What we find then, are all manner of speculations that beset the Darwinian colonialists of the times. Most of these pertain to thoughts about Aboriginal promiscuity and marriage systems, and the quest for primitive origins. We see Gillen’s admirable ability to wrestle with the material he had before him, rather than fall foul of European prejudice about ‘savages’. At the same time, we see Gillen’s importance to academics like Spencer in refining so many of the ideas that still shape the agenda of Australian anthropology. These concepts include the network of ancestral tracks, the distribution of rights in sacred knowledge, locality-based rites, the complex relationship between totems and social groups, and perhaps most important (as Howard Morphy points out in his part of the introduction) the concept of the Dreamtime.

Gillen excitedly wrote to Spencer:

It was a happy inspiration that caused you to start me working out the wanderings of the various totems and much of the information now going to you is the outcome of that work, if we had possessed this information before the Engwura (final initiation ceremonies) it would have helped us to a better understanding of the various ceremonies but even now it throws a flood of light upon them and will help you to write definitely as to their import.

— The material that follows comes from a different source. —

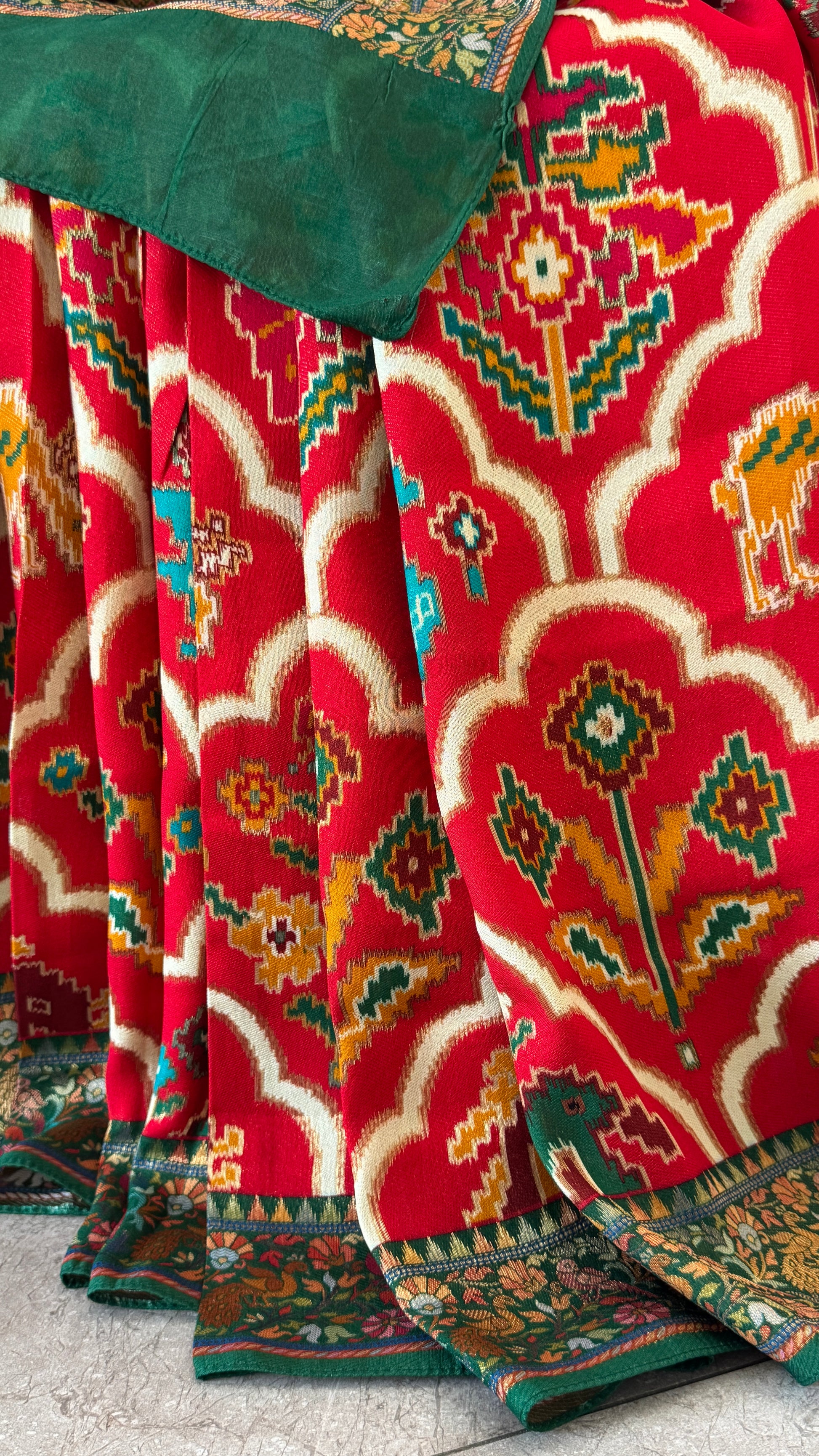 A Kashmiri Pashmina Banarasi Handwoven Sarees with Patola prints - Red with Green

Spencer and Gillen were cautious with their terms. They did not want our language to obscure cultural difference. They used Alcheringa rather than Dreamtime. As for the ‘sacred’, Gillen did not like its translation either, since it was more ‘a blending of the sacred and the miraculous’. When it came to the sacred objects, the carved stones and wood boards called Churinga, no other word would do. There are many exciting (and excitable) letters here about the Churinga and their place in the culture. One of Gillen’s most thoughtful outbursts would please a modern relativist: ‘Men sprung from Churinga, that is from something sacred in the animal or man, just as the Virgin Mary appears at Lourdes, though unless you want to bring down upon me the anathema of the Holy Church don’t quote me as saying so.’

Eventually, Gillen had to recognise that his own energetic collecting of Churinga could be sacrilege. For years he had shipped crates of the things to Stirling in Adelaide, and Spencer at the Museum of Victoria. Many, admittedly, had been given to him by the old men. But others came from plunder of the secret sacred storehouses. When Gillen got news of the death of an Aboriginal man after such a raid, he was deeply ashamed, and vowed to Spencer to steer clear of such transgressions in the future. In this and other ways Gillen came to a modern kind of sense.

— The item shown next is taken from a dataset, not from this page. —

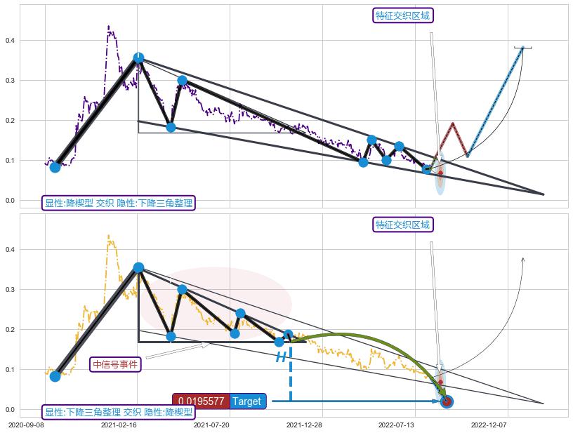 ➢ 【多方力量耗尽,空方打破攻守平衡点】下降三角形中继整理, 已在2021-11-01突破【支撑】颈线 0.168000 →演变成下降通道

In the end, Gillen was hardly rewarded for his labours. He was never even elected to the full Fellowship of the Royal Anthropological Institute – perhaps, Mulvaney suggests, because of the sectarian fevers of the times; perhaps because he had so offended the pastoralists with the arrest of Willshire.

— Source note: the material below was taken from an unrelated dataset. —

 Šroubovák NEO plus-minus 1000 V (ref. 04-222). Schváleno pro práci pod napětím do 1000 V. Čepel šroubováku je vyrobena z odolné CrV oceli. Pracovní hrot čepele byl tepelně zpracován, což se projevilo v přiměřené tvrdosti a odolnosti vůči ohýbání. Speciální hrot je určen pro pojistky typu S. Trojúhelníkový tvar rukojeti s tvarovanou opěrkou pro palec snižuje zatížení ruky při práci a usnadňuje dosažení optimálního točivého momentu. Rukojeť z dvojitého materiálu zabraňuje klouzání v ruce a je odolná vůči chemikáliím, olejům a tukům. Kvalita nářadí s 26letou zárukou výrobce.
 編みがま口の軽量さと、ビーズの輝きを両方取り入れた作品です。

Gillen died on a poor Government pension in 1912, after years of painful decline with a motor neurone disease. His wife Amelia had nursed him to the end; and Spencer, the prestigious, wealthy Professor who had asked so much of her husband, wrote to her about his love and admiration for her Gillen. But that was not enough for the ‘little wife’ in her bitterness. It seems she destroyed all the Spencer letters to which Gillen had replied, thus suggesting a profane domain for further study when the ethnology of the ethnology of Centralia is eventually written.

Still, even without Spencer, this book is a great production. It has many of Spencer and Gillen’s superb photographs, and a glossary of Arrernte terms that does more good work for the general reader than most anthropology books. The footnotes are marvellous in their thoroughness, and the introductions by Mulvaney and Morphy open up the important academic discussions we now have to have. In a word, Hyland House is to be congratulated for this production, albeit with the help of private funds, including some from the Gillen family. I also hope that the academic publishing houses, M.U.P. included, who found the manuscript uneconomic, might drop their gaze with at least a touch of embarrassment.